Ainsi, des bases de données ont été créées à partir :
- des actes d’affranchissement (1826-1848), consignés dans les comptes rendus du conseil du gouverneur de la Guadeloupe et les registres d’état civil,
- des registres d’esclaves (1840-1848),
- des actes notariés (1810-1848) mentionnant des esclaves,
- des actes de naissance, mariage et décès (1848-1905).
Toutes ces informations, numérisées grâce au fabuleux travail des ANOM, ont été intégrées dans un outil numérique, formant une base de données quasi exhaustive des nouveaux libres des quatre anciennes colonies françaises. C’est cette base qui servira à la construction du Mémorial du Trocadéro.
L’esclavage colonial a créé des sociétés « sans passé ». Jusqu’à la fin des années 2000, la grande majorité des descendants d’esclaves ignorait l’origine de son nom et n’avait aucun lien avec ses ancêtres esclaves, entraînant une errance identitaire aux conséquences délétères pour l’avenir de ces sociétés.
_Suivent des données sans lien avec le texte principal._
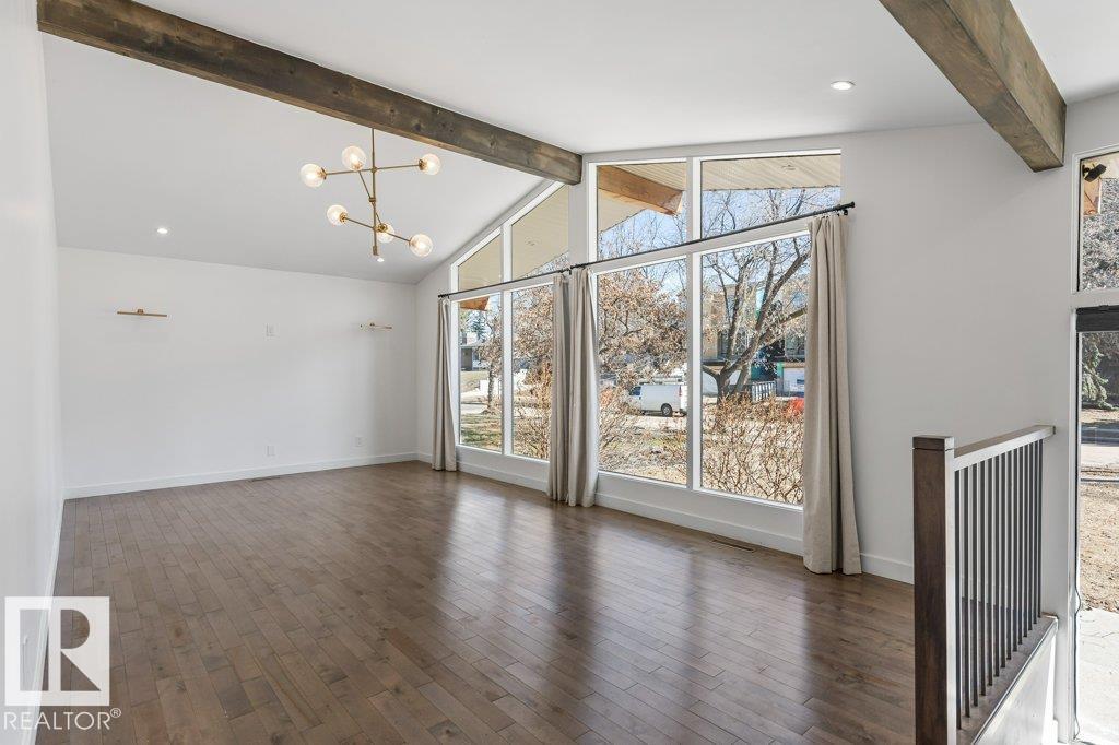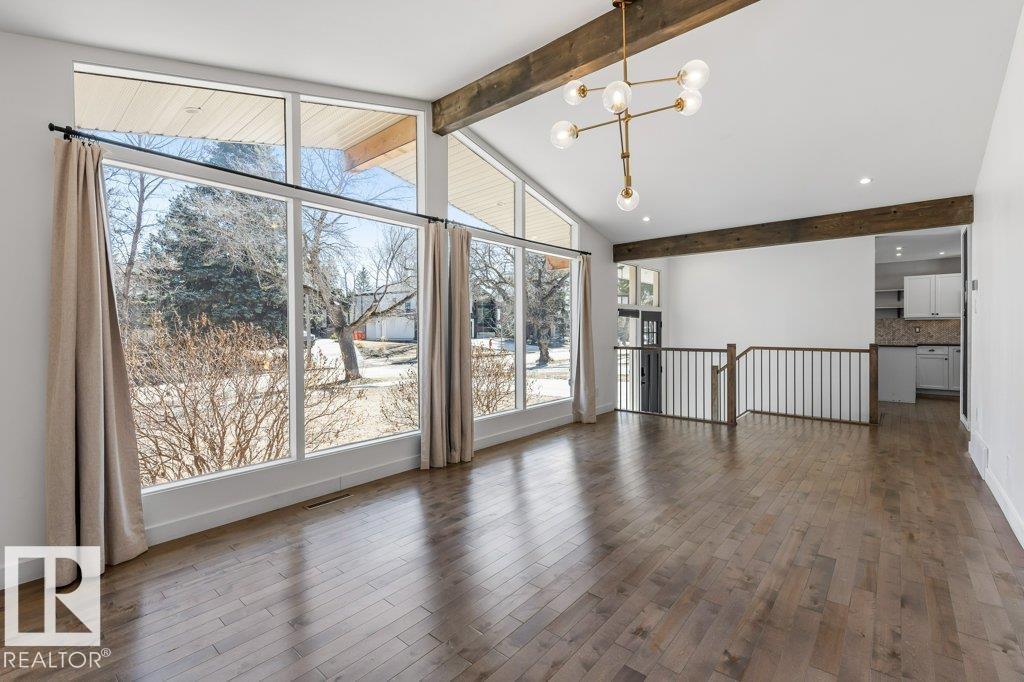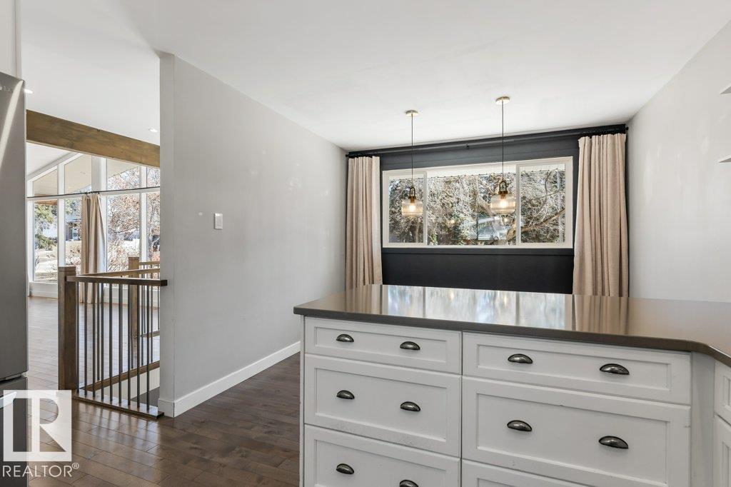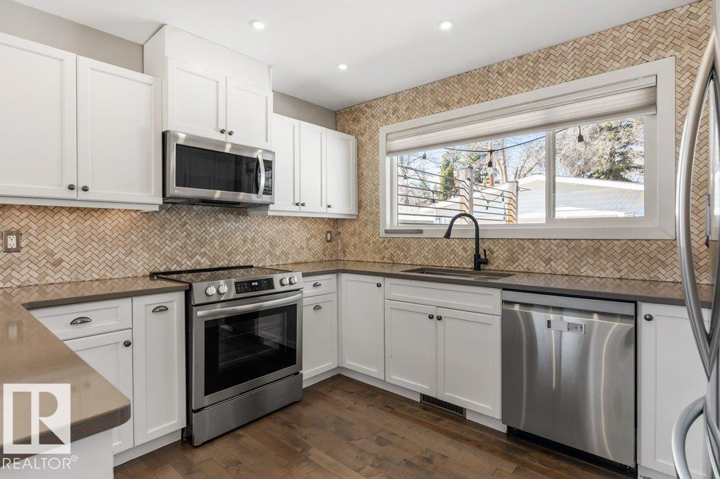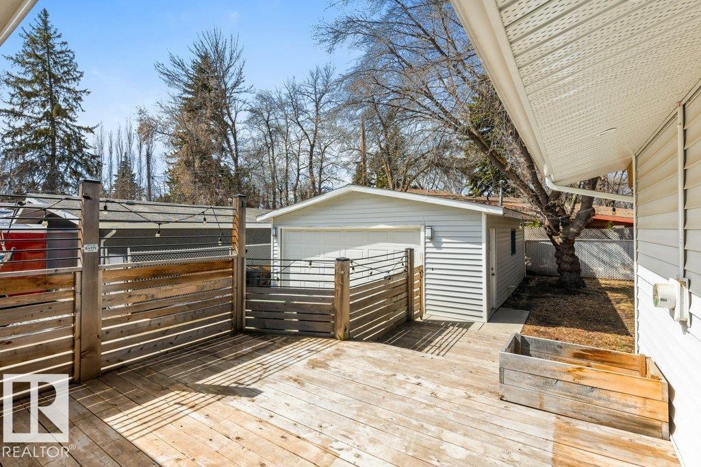 Welcome to this beautifully maintained 1,216 sq ft bungalow in the sought-after Gardens neighborhood of St. Albert. This home offers three spacious bedrooms on the main floor, including a primary suite with its own 3-piece ensuite, plus a full 4-piece main bath. The bright and inviting living room features vaulted ceilings, open beams, and large banks of windows that flood the space with natural light. The updated kitchen boasts quartz countertops and stainless steel appliances, with a separate dining area ideal for family meals and entertaining. Downstairs, the fully finished basement provides a large recreation room, versatile flex space, and ample storage with a dedicated laundry area and additional room for future development. Outside, enjoy a private deck with a built-in privacy screen, perfect for relaxing or hosting guests, along with a double detached garage. Located in a fantastic neighborhood close to downtown, Lions Park, the farmers’ market, schools, and all amenities. (id:63190)

Le travail des archivistes de l’époque coloniale nous a permis de retrouver nos aïeux et de mettre en place des dispositifs pour leur rendre hommage, tels que le Mémorial National, inversant ainsi la honte de l’origine servile.
En 1848, un archiviste retranscrit dans le registre des nouveaux libres les actes suivants, délivrés le 14 septembre 1848, à une jeune femme venue avec son fils dans les bras devant le maire de la ville du Moule pour qu’il leur donne un nom de famille :
« Juliette, âgée de trente ans, née à Sainte-Anne, demeurant au Moule, immatriculée sous le n° 5322.
Volange Charles, âgé de deux ans, né et demeurant au Moule, immatriculé sous le n° 9812.
La dite Juliette nous ayant déclaré reconnaître pour son fils le dit Volange Charles, nous leur avons attribué à tous les deux le nom patronymique de ROMANA. »
Aujourd’hui, je remercie cet archiviste anonyme et tous ceux qui ont ensuite préservé ces archives : en sortant Juliette et Charles Volange de l’ombre, ils m’ont offert la sérénité d’une identité apaisée.
Serge Romana est un généticien d’origine guadeloupéenne. Professeur de médecine, il dirige le service de Médecine génomique des maladies rares de l’enfant à l’hôpital Necker-Enfants malades, à Paris.
Parallèlement à sa carrière médicale, il s’engage activement dans la défense de la mémoire des victimes de l’esclavage colonial. Le 23 mai 1998, il dirige l’organisation d’une marche silencieuse rassemblant 40 000 personnes dans les rues de Paris en hommage aux victimes de l’esclavage colonial. Cet événement contribue à l’adoption de la loi Taubira, qui reconnaît l’esclavage colonial comme un crime contre l’humanité.
À la suite de cette marche, il fonde le Comité Marche du 23 mai 1998 (CM98), dont l’objectif est d’inverser la valence du stigmate de l’esclave. Dans ce cadre, il lance en 2006 l’opération Anchoukaj (affiliation), un vaste projet mobilisant des centaines de bénévoles pour retrouver, à travers des recherches approfondies dans les archives, l’identité des esclaves de la Guadeloupe et de la Martinique.
L’action du CM98, articulée autour d’un triptyque—Retrouver (opération Anchoukaj), Comprendre (via son université populaire) et Honorer (chaque 23 mai)—aboutit à la reconnaissance officielle du 23 mai comme Journée nationale en hommage aux victimes de l’esclavage colonial en France.
En 2017, Serge Romana démissionne de la présidence du CM98 pour se consacrer à la Fondation Esclavage et Réconciliation, qu’il préside. Cette fondation œuvre à construire une mémoire apaisée de l’esclavage et à promouvoir la réconciliation entre les différentes composantes de la société française. Tout au long de sa vie, Serge Romana a œuvré pour que l’histoire de l’esclavage soit reconnue et intégrée dans la mémoire collective, tout en poursuivant une carrière médicale dédiée aux maladies génétiques rares chez l’enfant.